I’ve always been a voracious learner. Even in college, I was buying more books than I could read—hundreds and hundreds.
But two weeks ago at my mastermind meeting, something hit me hard. Member after member recommended books that sounded absolutely essential. A dozen titles, each one addressing challenges I’m facing right now. I wanted to read every single one.
Then I sighed. Because I knew I’d never have the time.
That moment crystallized something I’d been feeling for months: I couldn’t keep up anymore. The flood of information was moving faster than I could swim.
Consider the scale:
That’s not information overload—that’s an information tsunami.
For a while, I tried services like Blinkist to compress books into fifteen-minute summaries. Helpful, sure. But still limited. Still expensive. Still someone else’s curation, not mine.
Therefore, I turned to AI. Not as a replacement for reading, but as a personal executive summary service I control completely. With the right prompts, I can summarize in two minutes what would otherwise take me hours or days to consume. I’m not saying a summary replaces the full experience—I still read books cover to cover when they matter. But for most content, I just need the highlights.
Now I’m using AI to do what I otherwise couldn’t: expose myself to ideas that could transform my life and business. And here’s the best part—if something captures my attention, I can always go deeper. The original content is still there, waiting.
The subscription services? I don’t need them anymore. AI just made them obsolete.
You can expose yourself to 10x more breakthrough ideas without working longer hours. Here are four proven methods for using AI to summarize and synthesize information at scale.
Start simple. If you’ve never used AI to summarize content, AI-enabled browsers are your on-ramp.
I experimented with dedicated AI browsers like Dia, Comet, and Co-pilot. They’re impressive—built specifically for AI integration. But I ran into a problem: some of my essential Chrome extensions didn’t work properly. I found myself switching between browsers constantly, which defeated the purpose.
So here’s what I settled on: I use two browsers. Google Chrome for my primary work (which now includes Gemini, currently my second favorite LLM), and one AI browser for specific tasks. I also installed the Claude extension in Chrome, which is remarkable.
You can expose yourself to 10x more breakthrough ideas without working longer hours.
Here’s why this matters: Research from International Data Corporation (IDC) shows that knowledge workers spend about 2.5 hours per day, or roughly 30% of the workday, searching for information.1 That means nearly a third of your work week is just hunting for insights. An AI-enabled browser cuts that time dramatically.
The workflow is dead simple. You’re reading an article. You activate your AI assistant. You ask, “Summarize this in three key points.” Done. Thirty seconds instead of ten minutes.
I use this constantly when scanning industry news or research papers. Instead of reading twenty articles to find the two worth my time, I get AI summaries of all twenty in under five minutes. Then I invest my attention where it actually matters.

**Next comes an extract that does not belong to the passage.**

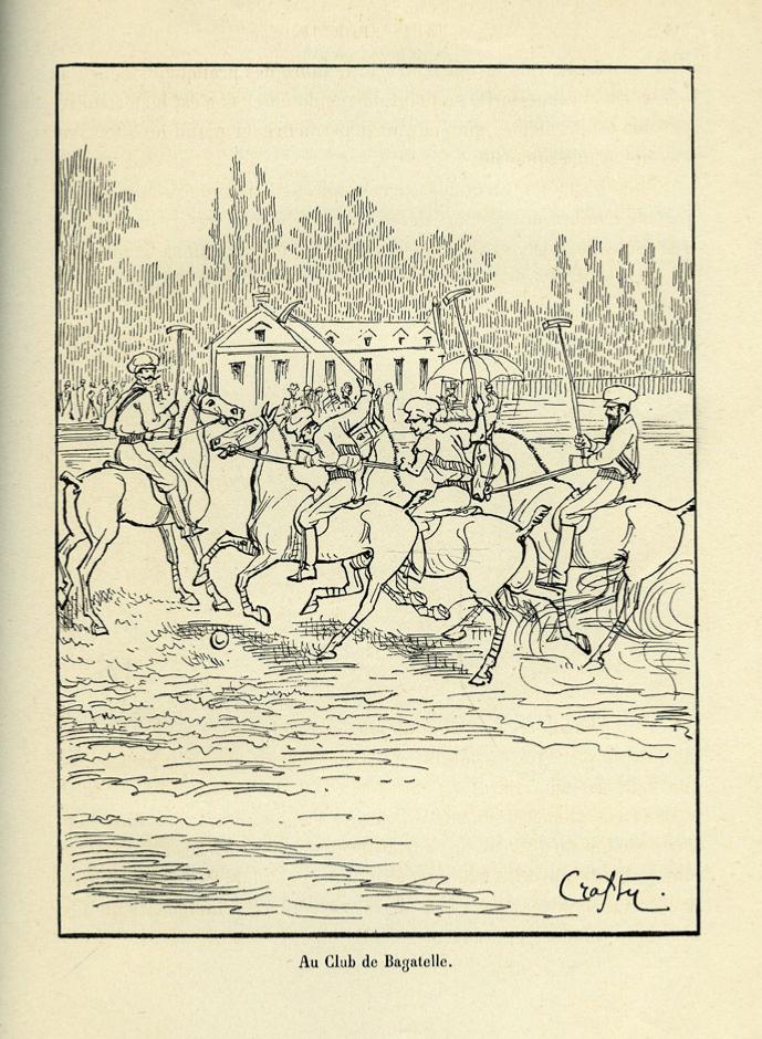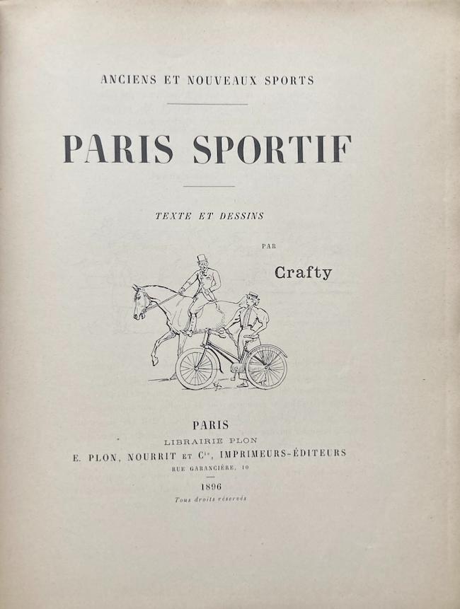 Édition originale d'un merveilleux album de Crafty (texte et dessins) qui illustre avec humour les sports à Paris à la Belle Époque : athlétisme, natation, boxe, danse, lawn-tennis, football, croquet, canotage, paume, bicyclette, canne, épée, tir aux pigeons, voitures automobiles, équitation, polo, coaching, véhicules hippomobiles, etc.
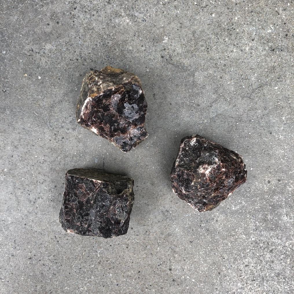 • Três pedras brutas castanhas escuras com manchas claras numa superfície de cimento cinzento

The beauty of starting here is there’s zero setup. No accounts to create. No training required. Just immediate value from content you’re already consuming.
Add customization. Once you’ve experienced the speed of AI summarization, you’ll want something tailored to your specific needs. That’s where custom GPTs come in.
A custom GPT is essentially an AI assistant trained on your preferences. You tell it once how you want information processed, and it remembers. Every time.
Stanford researchers found that personalized AI tools increase user productivity by 37% compared to generic tools.2 The difference? Context. A custom GPT knows your industry, your reading level, your priorities.
Here’s what mine does: When I feed it business content, it automatically pulls out implementation steps, potential objections, and ROI metrics. When I give it leadership content, it highlights principles, real-world examples, and team applications. I built these preferences in once. Now every summary is pre-filtered for what I actually care about.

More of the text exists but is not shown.